Part 4: Model Category: Setting

This chapter begins the investigation of a five-part Model. This Model provides a simple, logical way of organizing historical information. One of its four main elements is Setting, defined in the broadest sense of the word—the entire milieu of an event or situation, both natural and human-made. Setting includes all the environmental phenomena with which the physical and earth sciences deal, plus the products of technology, architecture, and city planning.

After World War II, in many cities across America, city authorities tore down slums and built housing for the poor. New high-rise apartments placed well back from the streets in landscaped parks replaced old, run-down three- to five-story buildings jammed up against sidewalks. Instead of an unsightly mix of stores, bars, businesses and low-rise apartments, the new housing complexes were dedicated to one purpose: providing good, modern apartments in quiet settings for the residents.

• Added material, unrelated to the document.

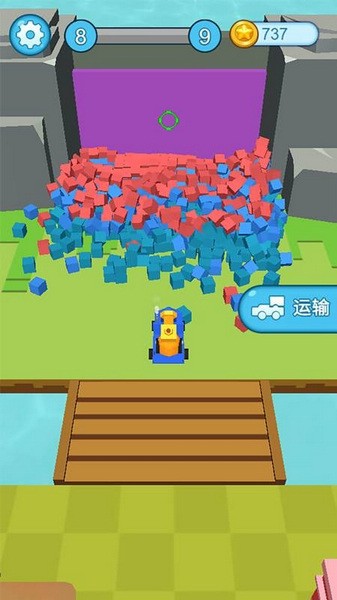2、当墙体轰炸完后,您可以将工具的模式切换为运输,将方块资源来运输至出售地点进行出售。
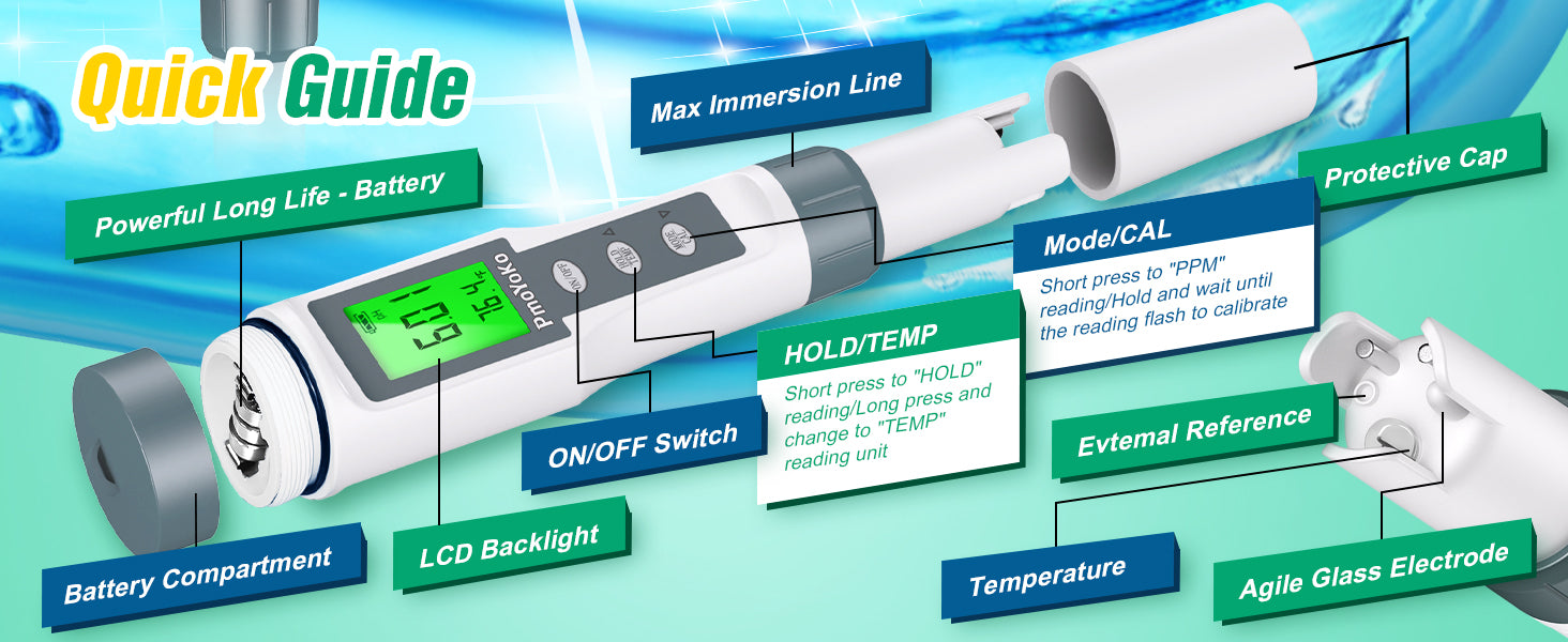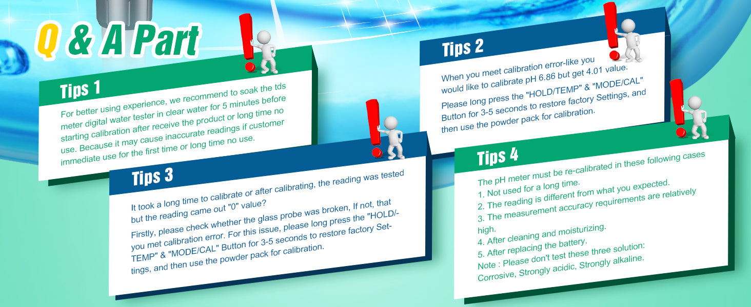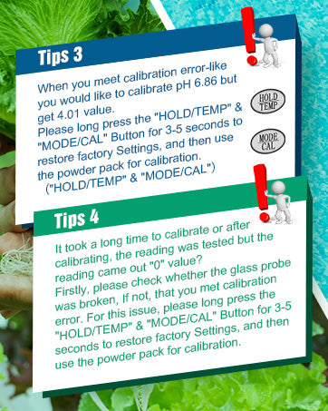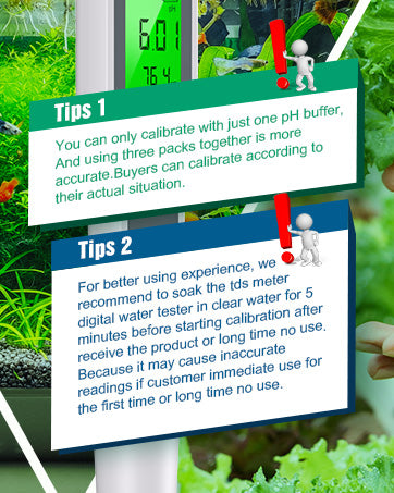【How to calibrate the pH Meter/TDS Meter?】 1. Add pH4.00/pH6.86/pH9.18 buffer powder into water and stir it. 2. Press the ON/OFF button and adjust to pH mode. Put the electrode into pH4.00/pH6.86/pH9.18 standard solution and wait 5~10 seconds. 3. Press and hold the MODE/CAL button and release after 6 seconds; wait pH4.00/pH6.86/pH9.18 flash 3 times till readings are no longer flashing, finish the pH calibration.

A result? Unexpectedly, crime rates soared in the new complexes. Where the old “slums” remained, the crime rates stayed low. In the old slums, businesses and bars kept the streets and sidewalks busy day and night. People watched the street from windows of the low apartment buildings. In this active setting, under the watchful eyes of many, crime was much less likely, and any person doing wrong was likely to be seen and stopped.

It’s been about a half century since the late Jane Jacobs pointed out the relationship between city environments and the behavior of residents. (The Death and Life of Great American Cities, New York, 1961, Random House). But it has been true throughout time—people shape settings, then the settings shape people.

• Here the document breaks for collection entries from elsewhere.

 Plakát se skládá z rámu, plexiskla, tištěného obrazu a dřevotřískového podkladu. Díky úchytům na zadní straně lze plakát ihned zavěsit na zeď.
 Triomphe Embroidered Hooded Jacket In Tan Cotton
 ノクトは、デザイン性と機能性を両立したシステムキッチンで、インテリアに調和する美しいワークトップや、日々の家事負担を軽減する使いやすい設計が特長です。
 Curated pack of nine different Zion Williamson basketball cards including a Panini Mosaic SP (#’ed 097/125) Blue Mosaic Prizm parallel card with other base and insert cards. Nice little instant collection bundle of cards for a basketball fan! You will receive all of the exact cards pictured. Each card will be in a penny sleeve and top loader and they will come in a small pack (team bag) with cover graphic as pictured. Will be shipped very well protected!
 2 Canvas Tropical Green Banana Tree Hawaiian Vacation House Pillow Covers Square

Some of this is, or should be, obvious. Resources are a part of setting, and play an important role in our lives. The fuel used for cooking and heating in ancient Rome was wood. Forests within reasonable distance of the city were cut down, and fuel eventually became so scarce and expensive that some historians consider this as a major reason for the decline of the city at the end of the classical era.

The development of a spring-steel plow capable of turning the heavy sod of the American prairie was one key to opening the west to farming. Here a tool (part of the human-made setting) interacted with a part of the natural environment to create historical change.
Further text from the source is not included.